- **Directions for this task**
Return all the data below as it stands, minus the pictures.

- **Raw data**
◇ ◇ ◇ ◇ ◇

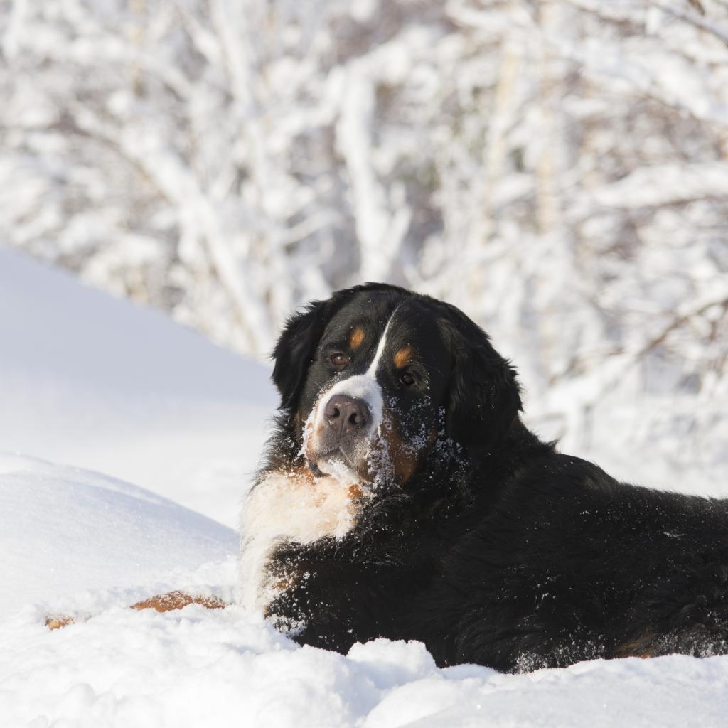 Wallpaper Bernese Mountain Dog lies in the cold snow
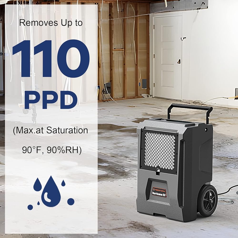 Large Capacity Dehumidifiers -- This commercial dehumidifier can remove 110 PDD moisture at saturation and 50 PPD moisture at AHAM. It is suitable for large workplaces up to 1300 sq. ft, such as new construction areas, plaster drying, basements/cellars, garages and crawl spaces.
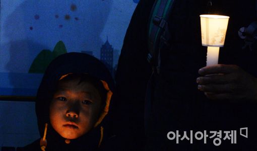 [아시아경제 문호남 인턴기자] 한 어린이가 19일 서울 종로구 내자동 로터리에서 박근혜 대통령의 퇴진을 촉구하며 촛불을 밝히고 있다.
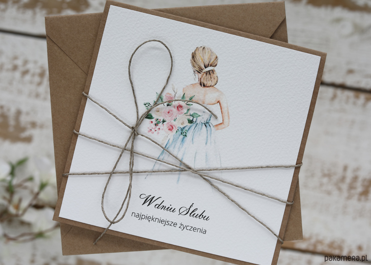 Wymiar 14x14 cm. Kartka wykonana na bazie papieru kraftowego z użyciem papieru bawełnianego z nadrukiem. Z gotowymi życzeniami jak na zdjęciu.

◇ ◇ ◇ ◇ ◇

- **Exercise solution**
 Wallpaper Bernese Mountain Dog lies in the cold snow
 Large Capacity Dehumidifiers -- This commercial dehumidifier can remove 110 PDD moisture at saturation and 50 PPD moisture at AHAM. It is suitable for large workplaces up to 1300 sq. ft, such as new construction areas, plaster drying, basements/cellars, garages and crawl spaces.
 [아시아경제 문호남 인턴기자] 한 어린이가 19일 서울 종로구 내자동 로터리에서 박근혜 대통령의 퇴진을 촉구하며 촛불을 밝히고 있다.
 Wymiar 14x14 cm. Kartka wykonana na bazie papieru kraftowego z użyciem papieru bawełnianego z nadrukiem. Z gotowymi życzeniami jak na zdjęciu.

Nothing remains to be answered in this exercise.